(Records excerpted from a collection)
Segment Open

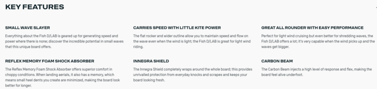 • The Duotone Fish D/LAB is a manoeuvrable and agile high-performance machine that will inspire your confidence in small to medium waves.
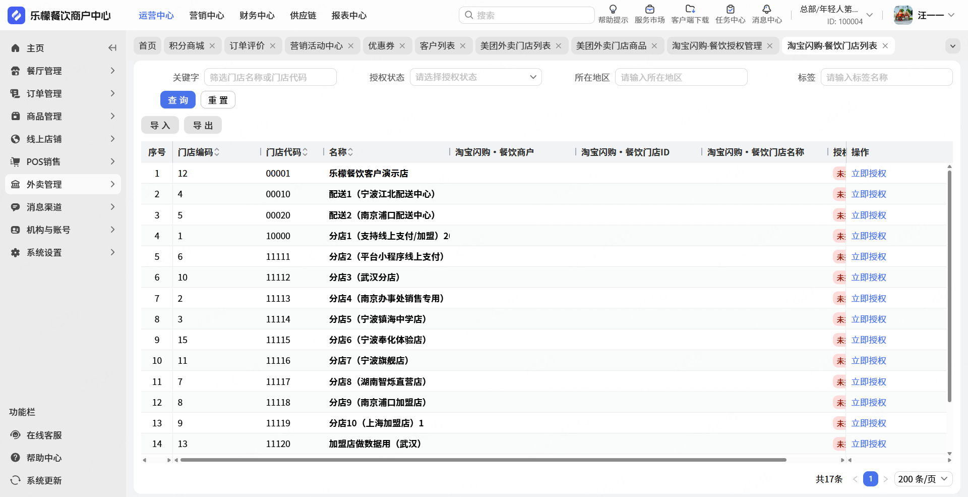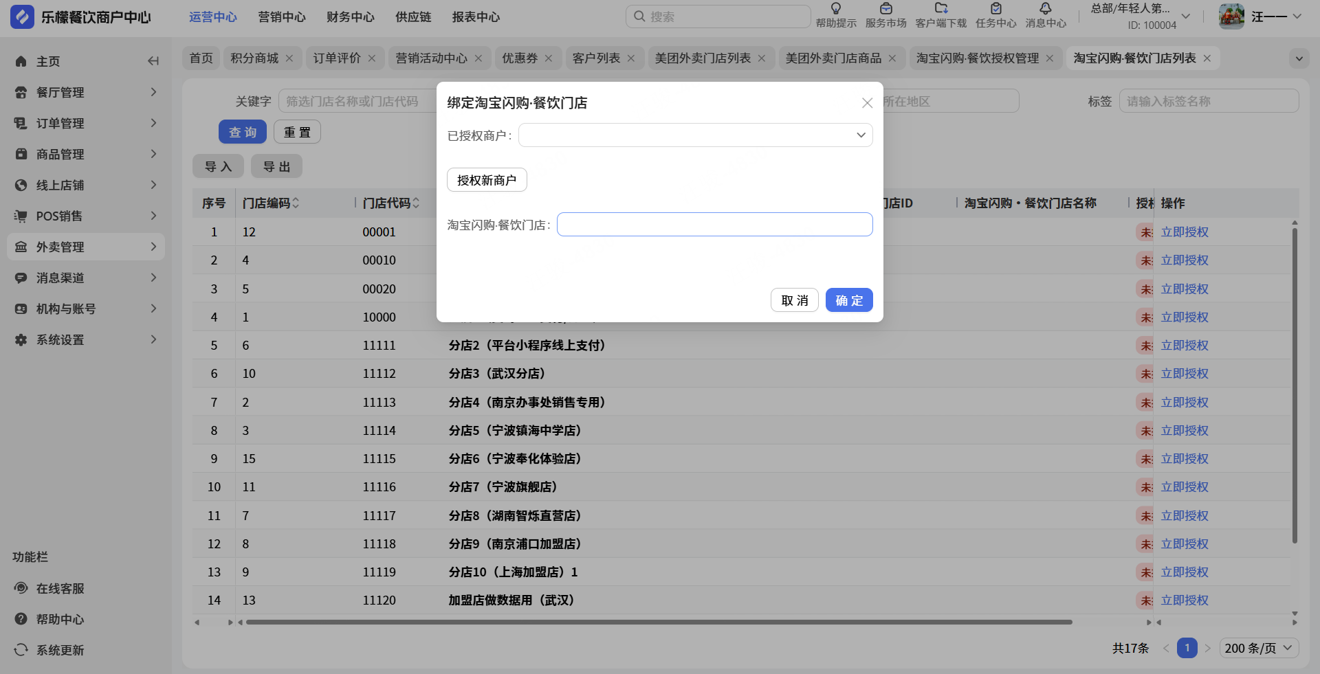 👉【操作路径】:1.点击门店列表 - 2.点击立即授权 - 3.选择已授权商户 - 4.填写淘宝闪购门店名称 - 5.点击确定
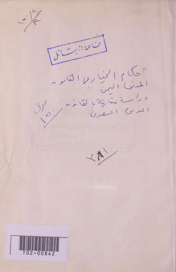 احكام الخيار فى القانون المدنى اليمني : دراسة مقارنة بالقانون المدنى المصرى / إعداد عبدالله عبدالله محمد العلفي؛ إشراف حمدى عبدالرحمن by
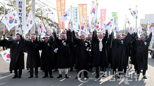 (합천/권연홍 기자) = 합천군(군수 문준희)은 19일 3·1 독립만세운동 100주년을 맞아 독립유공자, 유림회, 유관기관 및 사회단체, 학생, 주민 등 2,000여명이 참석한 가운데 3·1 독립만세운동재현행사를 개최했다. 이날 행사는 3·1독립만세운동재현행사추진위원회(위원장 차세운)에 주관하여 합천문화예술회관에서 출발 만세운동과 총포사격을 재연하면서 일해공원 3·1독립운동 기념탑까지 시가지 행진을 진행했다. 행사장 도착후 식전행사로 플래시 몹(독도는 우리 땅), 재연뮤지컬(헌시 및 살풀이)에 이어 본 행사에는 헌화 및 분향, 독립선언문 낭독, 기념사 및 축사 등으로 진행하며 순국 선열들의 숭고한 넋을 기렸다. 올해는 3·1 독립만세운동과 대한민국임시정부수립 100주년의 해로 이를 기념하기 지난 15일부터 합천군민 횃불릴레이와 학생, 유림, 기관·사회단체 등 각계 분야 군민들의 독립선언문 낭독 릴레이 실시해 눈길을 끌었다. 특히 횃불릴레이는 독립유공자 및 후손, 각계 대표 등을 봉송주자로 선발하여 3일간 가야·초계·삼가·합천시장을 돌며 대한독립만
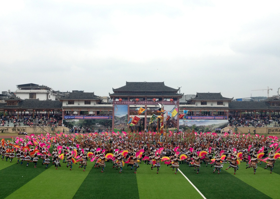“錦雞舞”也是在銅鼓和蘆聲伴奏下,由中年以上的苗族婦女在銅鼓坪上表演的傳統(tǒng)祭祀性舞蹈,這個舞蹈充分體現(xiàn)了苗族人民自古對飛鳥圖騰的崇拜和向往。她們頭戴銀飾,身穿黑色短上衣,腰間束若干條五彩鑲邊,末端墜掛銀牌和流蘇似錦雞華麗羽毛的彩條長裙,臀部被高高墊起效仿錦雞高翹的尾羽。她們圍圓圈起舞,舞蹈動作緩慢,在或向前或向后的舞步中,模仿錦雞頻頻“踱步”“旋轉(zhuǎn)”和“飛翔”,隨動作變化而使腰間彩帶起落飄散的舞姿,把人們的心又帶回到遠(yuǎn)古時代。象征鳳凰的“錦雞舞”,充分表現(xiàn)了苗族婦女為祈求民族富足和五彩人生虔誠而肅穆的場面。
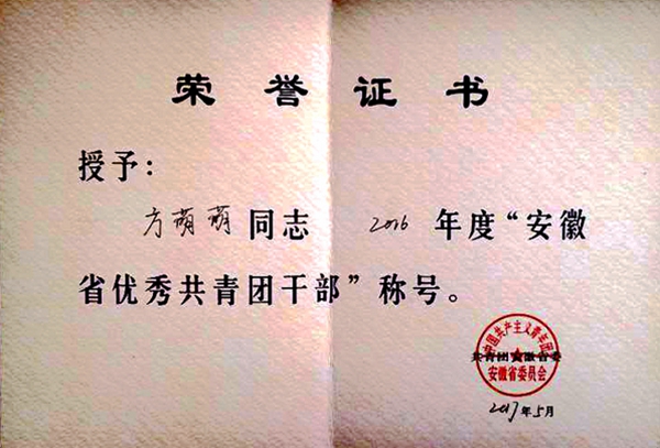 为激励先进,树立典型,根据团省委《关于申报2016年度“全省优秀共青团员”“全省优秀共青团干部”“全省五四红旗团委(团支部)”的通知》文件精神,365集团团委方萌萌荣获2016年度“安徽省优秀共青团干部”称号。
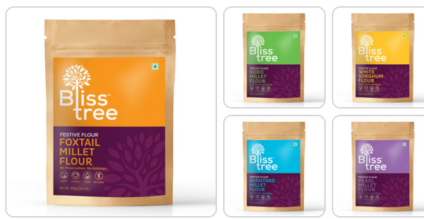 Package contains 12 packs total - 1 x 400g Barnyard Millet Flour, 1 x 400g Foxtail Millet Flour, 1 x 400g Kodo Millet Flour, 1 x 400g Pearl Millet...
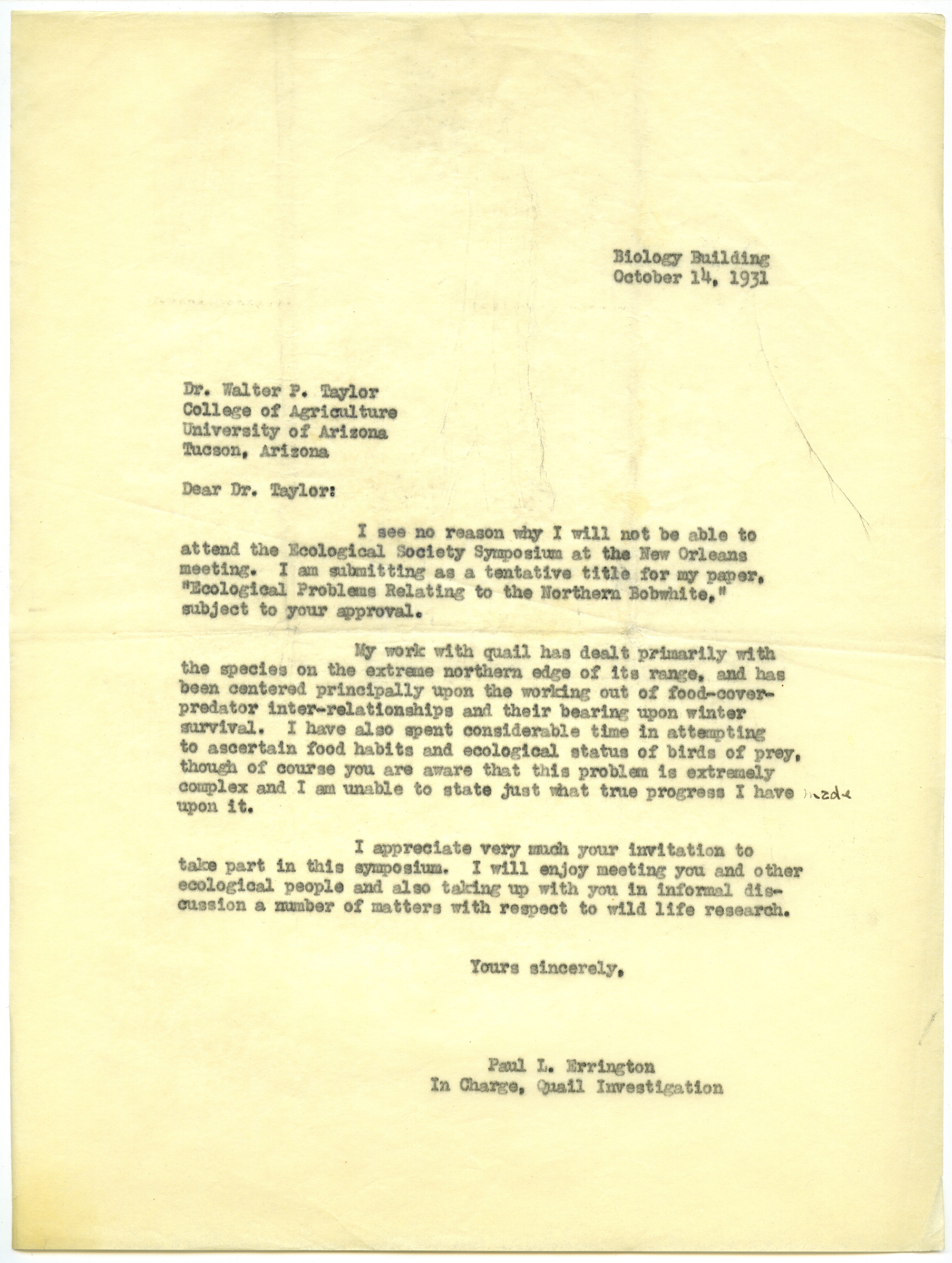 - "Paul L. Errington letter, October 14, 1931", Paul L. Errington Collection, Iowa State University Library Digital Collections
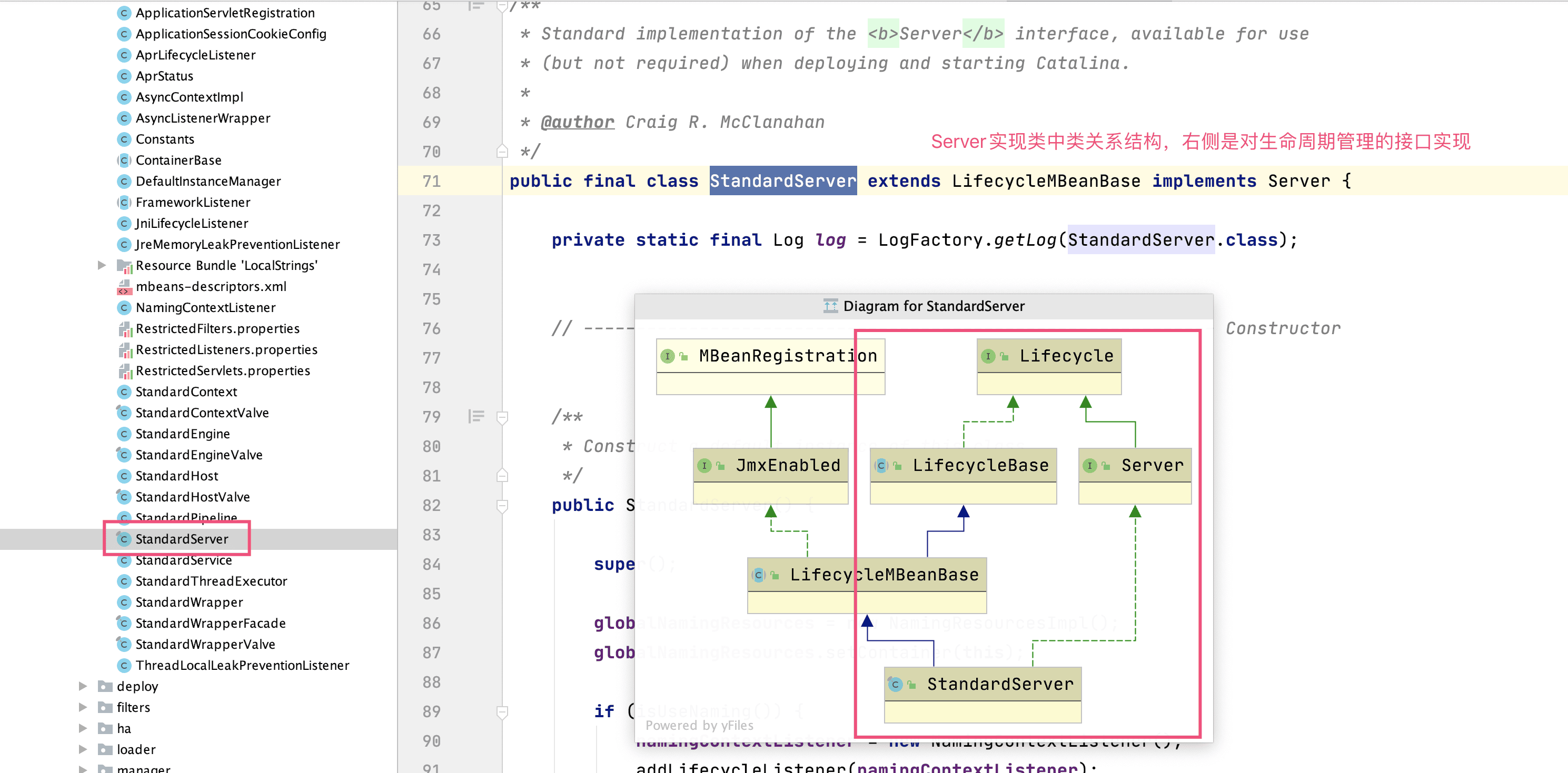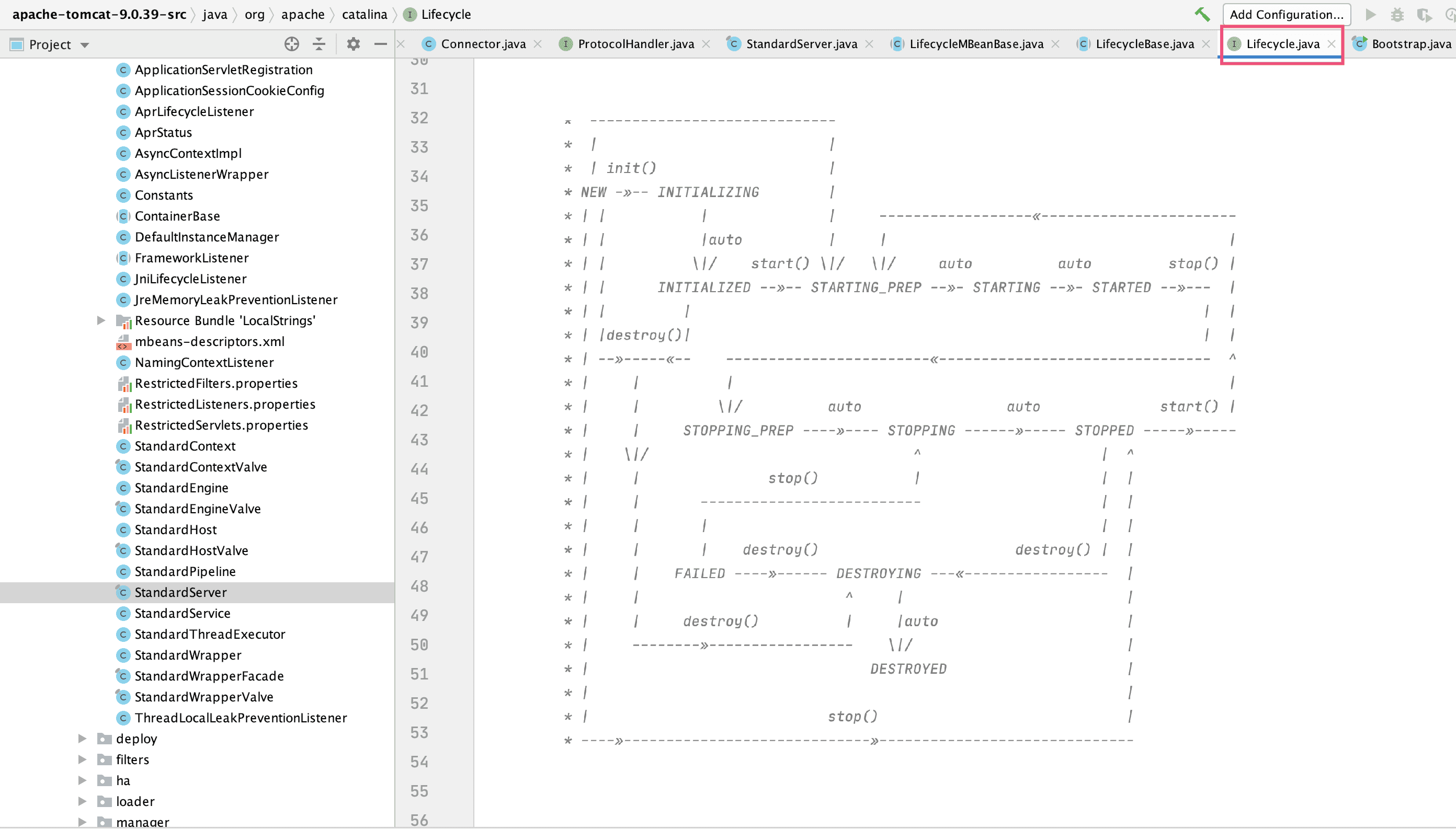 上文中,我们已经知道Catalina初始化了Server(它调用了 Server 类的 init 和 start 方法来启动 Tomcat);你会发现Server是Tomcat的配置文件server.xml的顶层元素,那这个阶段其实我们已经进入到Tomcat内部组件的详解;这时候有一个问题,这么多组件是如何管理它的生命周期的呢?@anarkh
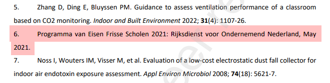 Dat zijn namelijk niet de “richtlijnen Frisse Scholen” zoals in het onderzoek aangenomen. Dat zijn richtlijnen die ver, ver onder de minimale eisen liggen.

Segment Closed

(Directions) The entries above are to be repeated exactly, except for any pictures.

(Result)
 • The Duotone Fish D/LAB is a manoeuvrable and agile high-performance machine that will inspire your confidence in small to medium waves.
 👉【操作路径】:1.点击门店列表 - 2.点击立即授权 - 3.选择已授权商户 - 4.填写淘宝闪购门店名称 - 5.点击确定
 احكام الخيار فى القانون المدنى اليمني : دراسة مقارنة بالقانون المدنى المصرى / إعداد عبدالله عبدالله محمد العلفي؛ إشراف حمدى عبدالرحمن by
 (합천/권연홍 기자) = 합천군(군수 문준희)은 19일 3·1 독립만세운동 100주년을 맞아 독립유공자, 유림회, 유관기관 및 사회단체, 학생, 주민 등 2,000여명이 참석한 가운데 3·1 독립만세운동재현행사를 개최했다. 이날 행사는 3·1독립만세운동재현행사추진위원회(위원장 차세운)에 주관하여 합천문화예술회관에서 출발 만세운동과 총포사격을 재연하면서 일해공원 3·1독립운동 기념탑까지 시가지 행진을 진행했다. 행사장 도착후 식전행사로 플래시 몹(독도는 우리 땅), 재연뮤지컬(헌시 및 살풀이)에 이어 본 행사에는 헌화 및 분향, 독립선언문 낭독, 기념사 및 축사 등으로 진행하며 순국 선열들의 숭고한 넋을 기렸다. 올해는 3·1 독립만세운동과 대한민국임시정부수립 100주년의 해로 이를 기념하기 지난 15일부터 합천군민 횃불릴레이와 학생, 유림, 기관·사회단체 등 각계 분야 군민들의 독립선언문 낭독 릴레이 실시해 눈길을 끌었다. 특히 횃불릴레이는 독립유공자 및 후손, 각계 대표 등을 봉송주자로 선발하여 3일간 가야·초계·삼가·합천시장을 돌며 대한독립만
“錦雞舞”也是在銅鼓和蘆聲伴奏下,由中年以上的苗族婦女在銅鼓坪上表演的傳統(tǒng)祭祀性舞蹈,這個舞蹈充分體現(xiàn)了苗族人民自古對飛鳥圖騰的崇拜和向往。她們頭戴銀飾,身穿黑色短上衣,腰間束若干條五彩鑲邊,末端墜掛銀牌和流蘇似錦雞華麗羽毛的彩條長裙,臀部被高高墊起效仿錦雞高翹的尾羽。她們圍圓圈起舞,舞蹈動作緩慢,在或向前或向后的舞步中,模仿錦雞頻頻“踱步”“旋轉(zhuǎn)”和“飛翔”,隨動作變化而使腰間彩帶起落飄散的舞姿,把人們的心又帶回到遠(yuǎn)古時代。象征鳳凰的“錦雞舞”,充分表現(xiàn)了苗族婦女為祈求民族富足和五彩人生虔誠而肅穆的場面。
 为激励先进,树立典型,根据团省委《关于申报2016年度“全省优秀共青团员”“全省优秀共青团干部”“全省五四红旗团委(团支部)”的通知》文件精神,365集团团委方萌萌荣获2016年度“安徽省优秀共青团干部”称号。
 Package contains 12 packs total - 1 x 400g Barnyard Millet Flour, 1 x 400g Foxtail Millet Flour, 1 x 400g Kodo Millet Flour, 1 x 400g Pearl Millet...
 - "Paul L. Errington letter, October 14, 1931", Paul L. Errington Collection, Iowa State University Library Digital Collections
 上文中,我们已经知道Catalina初始化了Server(它调用了 Server 类的 init 和 start 方法来启动 Tomcat);你会发现Server是Tomcat的配置文件server.xml的顶层元素,那这个阶段其实我们已经进入到Tomcat内部组件的详解;这时候有一个问题,这么多组件是如何管理它的生命周期的呢?@anarkh
 Dat zijn namelijk niet de “richtlijnen Frisse Scholen” zoals in het onderzoek aangenomen. Dat zijn richtlijnen die ver, ver onder de minimale eisen liggen.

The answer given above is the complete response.